"Diamonds or pearls?"
It doesn't matter how you feel about Hillary Clinton, this is just wrong.
Added: Yes, the question came from a woman in the audience, but it was stupid and sexist.
Added update:
Maria Luisa, the UNLV student who asked Hillary Clinton whether she preferred "diamonds or pearls" at last night's debate wrote on her MySpace page this morning that CNN forced her to ask the frilly question instead of a pre-approved query about the Yucca Mountain nuclear waste repository.
"Every single question asked during the debate by the audience had to be approved by CNN," Luisa writes. "I was asked to submit questions including "lighthearted/fun" questions. I submitted more than five questions on issues important to me. I did a policy memo on Yucca Mountain a year ago and was the finalist for the Truman Scholarship. For sure, I thought I would get to ask the Yucca question that was APPROVED by CNN days in advance."
Your media at work...
5 comments:
No pearl necklace/Monica Lewinsky jokes then?
What a mess those "debates" are!
It just plain moronic, but I'm assuming the questioner went for a laugh rather than substance.
I think this is the equivalent of the "boxers or briefs" question posed to then-candidate Bill Clinton when he was on that stupid MTV question-and-answer show in 1991 or '92.
And, it's not as if I wouldn't be sort of interested to hear what HC would choose: diamonds or pearls - and why, at some appropriate point. It's just that any candidates opinion on such fluff is not important given the myriad of problems facing our country today.
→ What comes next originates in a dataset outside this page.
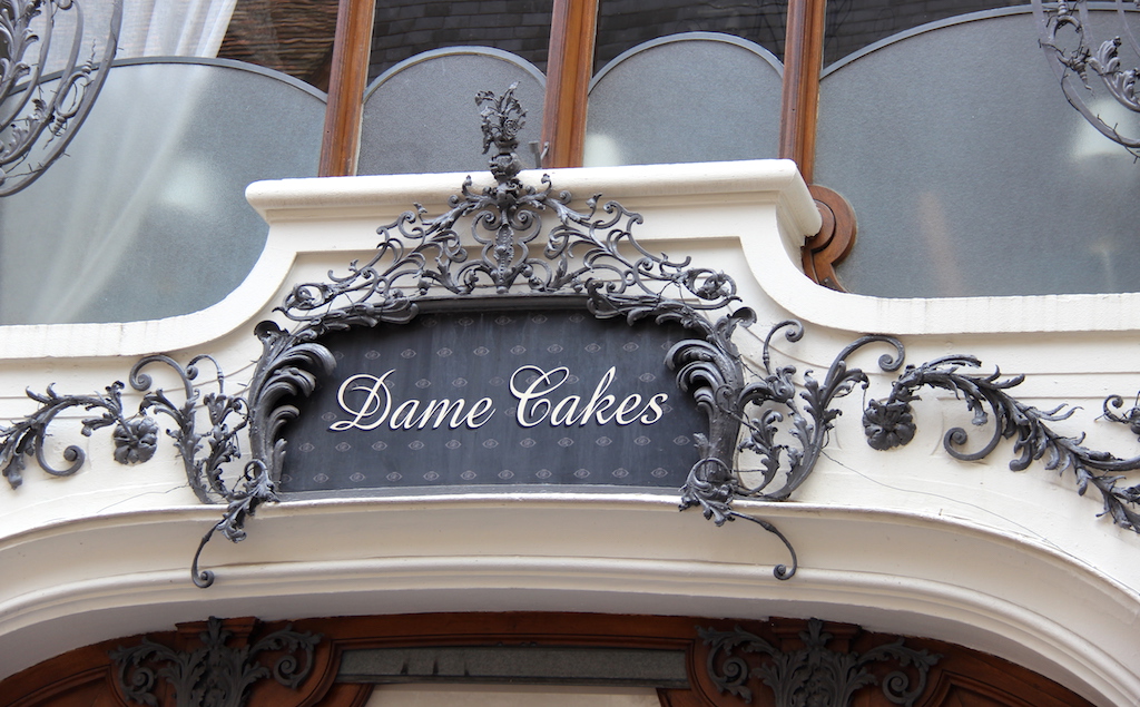 The decorative cartouche on the Dame Cakes tearoom.

Tell me about a universal health-care plan for ALL Americans, a plan for reversing our preemptive force doctrine, a plan for restoring diplomacy as our first means in foreign policy, a plan for restoring habeaus corpus and an affirmation of the rights enshrined to all citizens of the world in the Geneva convention, a real plan for national security that focuses on port security, a plan for energy security - specifically in regards to alternative/sustainable energy sources, a plan for reinstituting the "fairness doctrine" into public policy, a plan for a plan for revamping opportunities for education, a plan for re-instituting checks and balances into our government; tell me about plans to reduce government corruption and fraudulent cronyism, or a plan for instituting real telecomm and privacy security for the American public, plans to rebuild the American dollar or plans to rebuild the image of America around the world (without the vapidity of Karen Hughes).
Tell me all of that, down to the last nut-n-bolt detail. It'll take longer than a 10-second soundbite, trust me. And then, after all that, then I'll maybe know you well enough to care about your opinion on diamonds v. pearls, boxer v. briefs, or thongs v. crotchless.
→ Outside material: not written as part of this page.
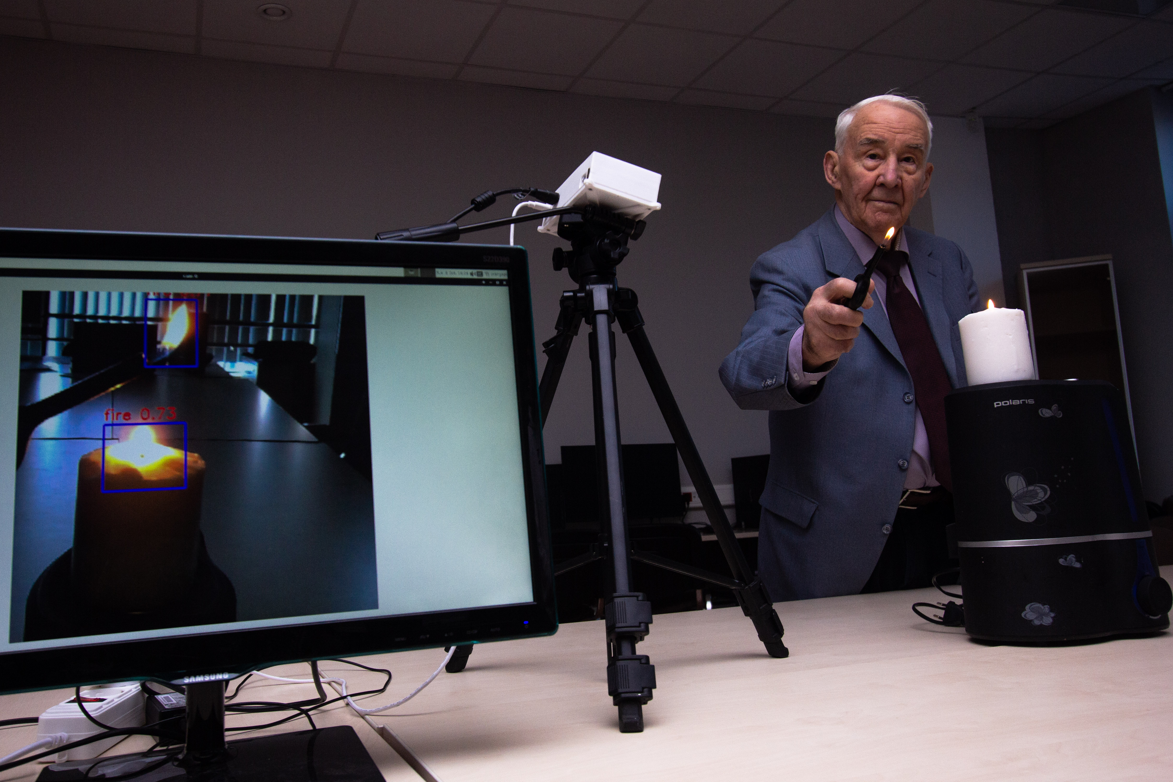 «Практически на любых промышленных объектах существует развитая система телевизионного наблюдения. В некоторых случаях количество камер достигает нескольких сотен. Наблюдение оператором за обстановкой на таком количестве камер одновременно может быть неэффективно. Эффективность разработанной нами системы значительно превосходит функции существующих пожарных извещателей. Она может оперативно, за 3–10 секунд, обнаружить предаварийные ситуации, визуально определить местоположение, задействовать существующие системы оптико-электронного наблюдения. В системе используются оптико-электронные датчики для обнаружения предаварийной ситуации в больших помещениях и на открытых пространствах», – отмечает доцент кафедры, к. т. н. Владимир Тимченко.

Until then, don't bother dignifying idiotic questioners with an answer.
A-and, as a follow-up, I just heard on CNN that the questioner was told to ask that question by CNN. If so, shame on her for not asking her original question about Yucca Mtn. repository. But shame, death, and a life in hell everlasting for all CNN employees that participated in the debate for trying to rig the damn thing in the first place.
Bring back the League of Women Voters debates! At least they weren't so clearly cronyistic and one-sided.
I've updated the post with her statement.